When BigGirl was having a hard time with math, we started doing it snuggled in my bed, where it was warm and we could reduce her stress. Ironically, she is very good at math, she just gets frustrated and panicky (just like her mother!). Since I am doing math with them (I am learning and RETAINING more than I ever have, thank you for asking--I really love the Saxon Math program), we just got comfy and worked through the hard places together.

We are no longer under the tyranny of other peoples schedules, other peoples expectations, and other peoples ridicule. Why can't math be learned in bed?

So, my observations about "am I doing the right thing" and other guilt and panic?

I love to spend time with my kids. I would rather be with them than most other people--they are funny, kind and intelligent. I don't need to send them off to school to have other people babysit them because they drive me crazy.

In a typical classroom of 25, a teacher can only give each child 5-7 minutes of individual attention per day. Now, even on a crazy busy day, when I am rushing between projects, I can give them at least 15 individual minutes.

15 minutes doesn't sound like very much, does it? But consider this--it is three times more than they would be getting! And that is on my worst day!

In my school, we have no bullying, no harrassment (well, except from me about room cleaning!), no peer pressure to try drugs, sex or tobacco (let alone steroids given by overachieving coaches, etc.) AND if anybody in my school has a gun--it is because we are doing target shooting!

How can I possibly do WORSE for my children than the public Junior High Schools?

I am going back to bed, to snuggle my beautiful children and to lovingly face the future!

Friday, March 6, 2009

Quiet Rebellion

Honestly, I did not set out to become the Leader of the Rebel Alliance!

However, over the course of the last year, at least 3 families that I love (and talked to A LOT!) have decided to home school their children. Now, while I do accept partial responsibility, I can't take it all, because a WHOLE LOT comes from the schools.

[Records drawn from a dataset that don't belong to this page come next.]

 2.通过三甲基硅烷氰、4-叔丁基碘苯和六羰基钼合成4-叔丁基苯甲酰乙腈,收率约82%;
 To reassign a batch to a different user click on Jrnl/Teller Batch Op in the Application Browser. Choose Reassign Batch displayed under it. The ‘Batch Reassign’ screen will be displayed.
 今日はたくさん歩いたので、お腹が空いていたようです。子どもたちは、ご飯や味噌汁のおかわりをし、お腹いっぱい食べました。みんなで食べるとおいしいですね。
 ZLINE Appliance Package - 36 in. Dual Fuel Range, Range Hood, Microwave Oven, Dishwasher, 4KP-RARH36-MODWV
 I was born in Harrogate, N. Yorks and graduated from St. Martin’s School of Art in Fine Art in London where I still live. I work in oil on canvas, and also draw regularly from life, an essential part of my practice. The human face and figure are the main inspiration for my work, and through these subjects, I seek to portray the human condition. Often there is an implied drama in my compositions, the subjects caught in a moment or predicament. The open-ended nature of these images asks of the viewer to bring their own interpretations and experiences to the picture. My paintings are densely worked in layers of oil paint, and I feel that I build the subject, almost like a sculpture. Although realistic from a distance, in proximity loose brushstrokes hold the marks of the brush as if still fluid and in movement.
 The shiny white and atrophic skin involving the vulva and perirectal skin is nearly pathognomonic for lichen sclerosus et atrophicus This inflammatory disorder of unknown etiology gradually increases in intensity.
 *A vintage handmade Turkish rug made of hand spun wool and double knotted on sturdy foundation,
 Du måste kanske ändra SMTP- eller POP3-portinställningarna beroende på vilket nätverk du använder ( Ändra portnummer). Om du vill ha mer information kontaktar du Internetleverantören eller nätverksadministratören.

Now, I have to tell you that my fabulous children attended our local (small) public school from K until either 5 or 6 grade (ie, this last year). That is because I am not their only parent, and we needed to follow the desires of our good daddy (My Favorite Gentleman). They received an adequate education there. However, this year, they (the school)--without really informing the parents-- decided to move the 5th and 6th grade into the junior high. I am sure it was for reasons like space or budget issues. However 10 year olds do not need to be in the same culture as 8th graders.

Here we find ourselves, and our cute, perfect little babies are now tall, willowy (in some cases) wiry (in other cases) people whom we have carefully raised to have LOTS of personality, curiosity and life all stored up in them, and then they are forced to go into schools that systematically try to crush all of those traits OUT.

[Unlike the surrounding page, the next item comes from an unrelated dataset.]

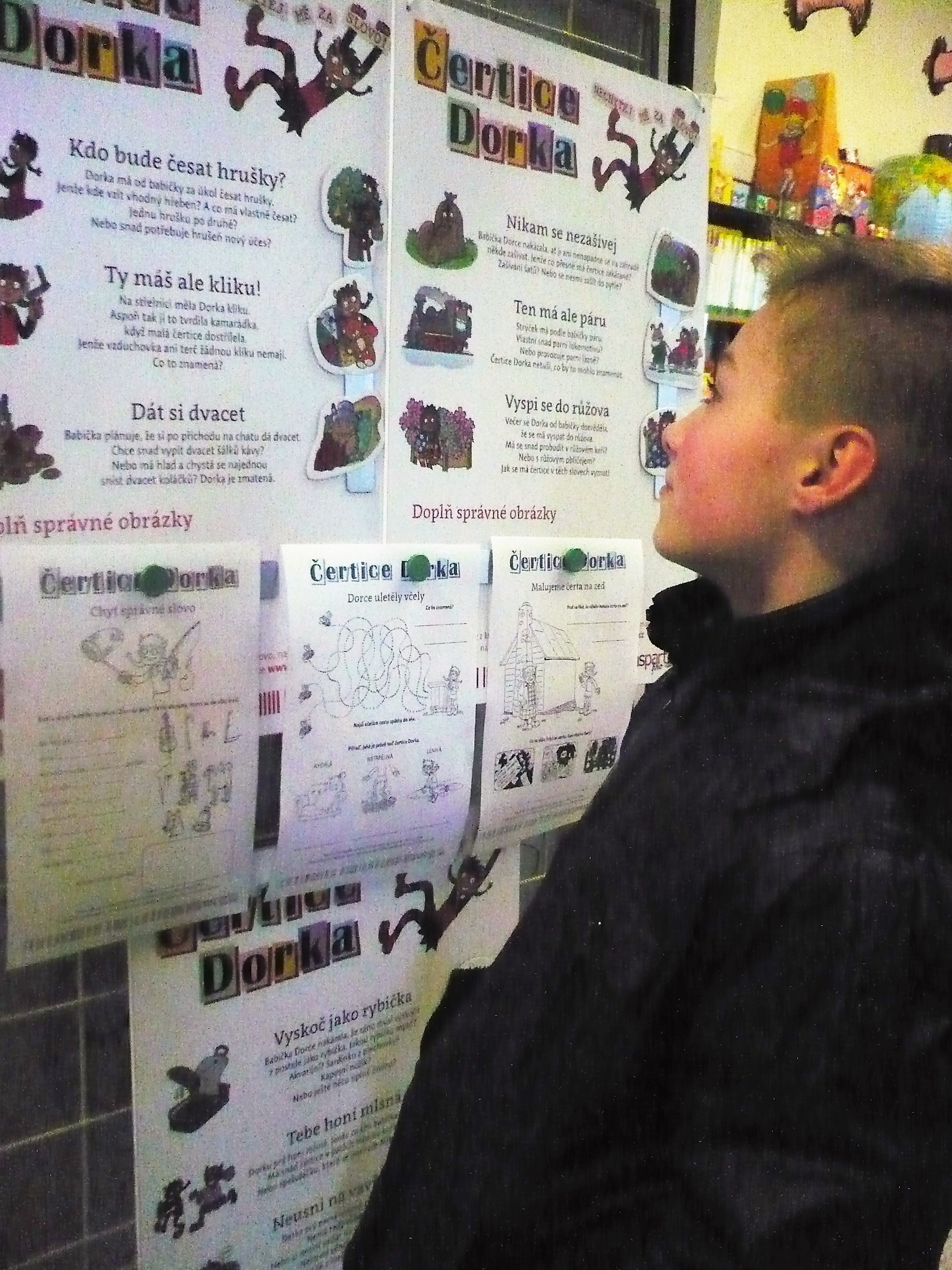 Městská knihovna Konice v únoru nachystala pro malé čtenáře hravé tabule s čerticí Dorkou, na kterých si holčičky a kluci mohou vyzkoušet, co znamenají různá ustálená slovní spojení. Výstava Čertice Dorka
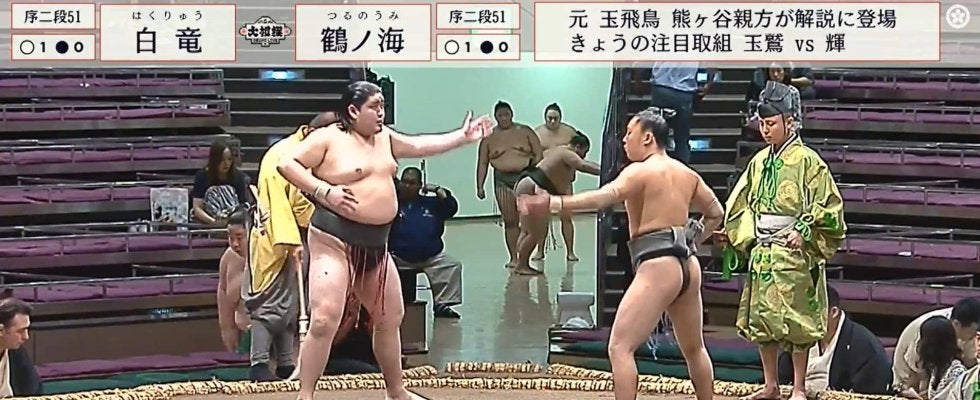 その後の取組では、立ち合いもろ手で強烈に当たった鶴ノ海が厳しい攻めを展開。だが白竜は落ち着いて対応し、最後は土俵際で白竜がはたき込みを決めて勝利した。勝った白竜は2勝目。敗れた鶴ノ海は1敗目を喫した。(ABEMA/大相撲チャンネル)

In my opinion, Junior High school is the cesspool of our civilization. At this age, personalities are delicate and are forming the traits that will shape the rest of their lives. So, we send them to school for "socialization"--do you remember jr. high? The only people meaner that jr. high boys are jr. high girls!

Also, if you think about it, the only other place that has a comparable social setting is prison. That isn't what I want my children to think is normal.


Today was the first warm spring-like day. It seemed like a criminal act to force them to stay in (and there was no good reason why they should!) so they went out to run in the fresh wind. They came running joyfully back to report that one of our trees is not only hollow!, but also contains a squirrel nest, and is completely full of stored nuts.

LargeBoy of mine reporting to his dad:

Daddy:"what have you learned in school?"
LargeBoy: "nothing."

Dad indignantly told this to me, which made me laugh, because that was the same day LargeBoy had reeled off the names of all the kings of Mesopotamia--which he learned about a little bit from our history lesson, but mostly from a "They Might Be Giants" song!

I reassured his daddy that LargeBoy was just used to thinking that learning has to be drudgery, and that if it is fun, it can't possibly count!


So, here we are with a brand new paradigm--where we learn for the joy of it! Whoa--what a radical idea!